*Instructions for the task*
All lines in the records below from the line with "Az alsó szint" through the line with "часто не учитывают…." are to be given again exactly, both ends included; the pictures are to be left out.

*Task input*
====

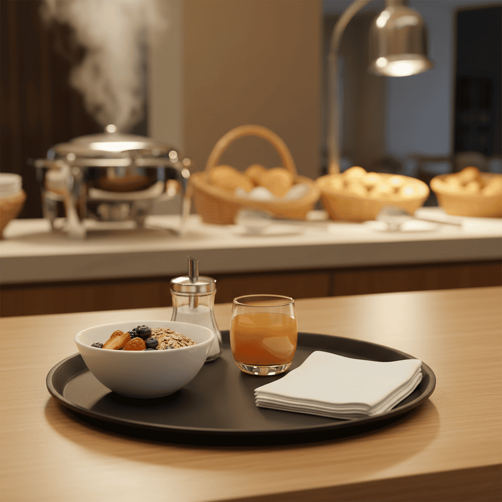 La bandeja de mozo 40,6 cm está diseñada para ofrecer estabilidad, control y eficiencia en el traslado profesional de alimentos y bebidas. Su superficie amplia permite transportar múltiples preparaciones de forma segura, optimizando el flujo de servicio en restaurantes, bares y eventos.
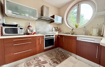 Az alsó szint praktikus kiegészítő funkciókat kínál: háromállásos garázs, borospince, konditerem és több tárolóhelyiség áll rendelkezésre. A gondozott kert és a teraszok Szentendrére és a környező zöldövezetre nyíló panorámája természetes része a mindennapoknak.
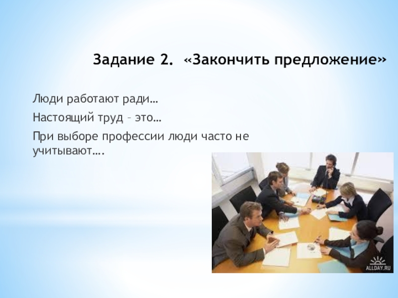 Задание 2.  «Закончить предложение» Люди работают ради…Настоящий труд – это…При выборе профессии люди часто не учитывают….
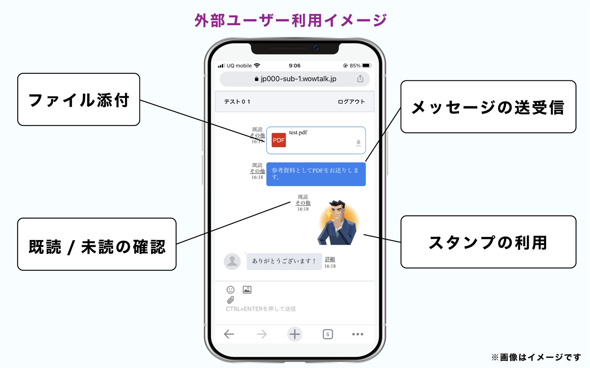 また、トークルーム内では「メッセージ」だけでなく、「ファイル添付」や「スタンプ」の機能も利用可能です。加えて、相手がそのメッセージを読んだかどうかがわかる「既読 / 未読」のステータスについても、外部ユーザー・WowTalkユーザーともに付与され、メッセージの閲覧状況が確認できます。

====

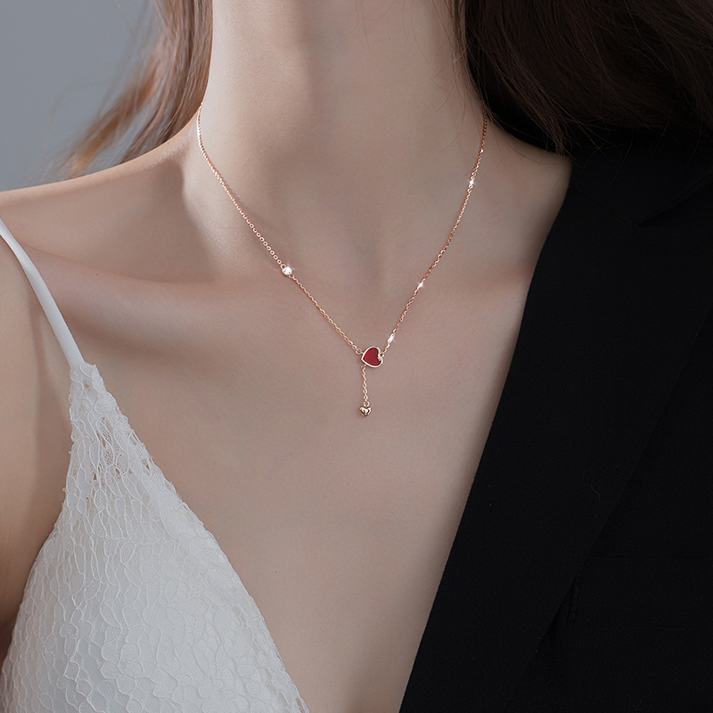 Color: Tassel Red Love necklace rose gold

====

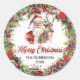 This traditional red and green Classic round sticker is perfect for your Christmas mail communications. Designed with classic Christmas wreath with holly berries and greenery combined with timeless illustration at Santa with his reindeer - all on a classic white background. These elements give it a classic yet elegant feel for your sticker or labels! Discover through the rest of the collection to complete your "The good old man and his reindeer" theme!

====

*Task output*
 Az alsó szint praktikus kiegészítő funkciókat kínál: háromállásos garázs, borospince, konditerem és több tárolóhelyiség áll rendelkezésre. A gondozott kert és a teraszok Szentendrére és a környező zöldövezetre nyíló panorámája természetes része a mindennapoknak.
 Задание 2.  «Закончить предложение» Люди работают ради…Настоящий труд – это…При выборе профессии люди часто не учитывают….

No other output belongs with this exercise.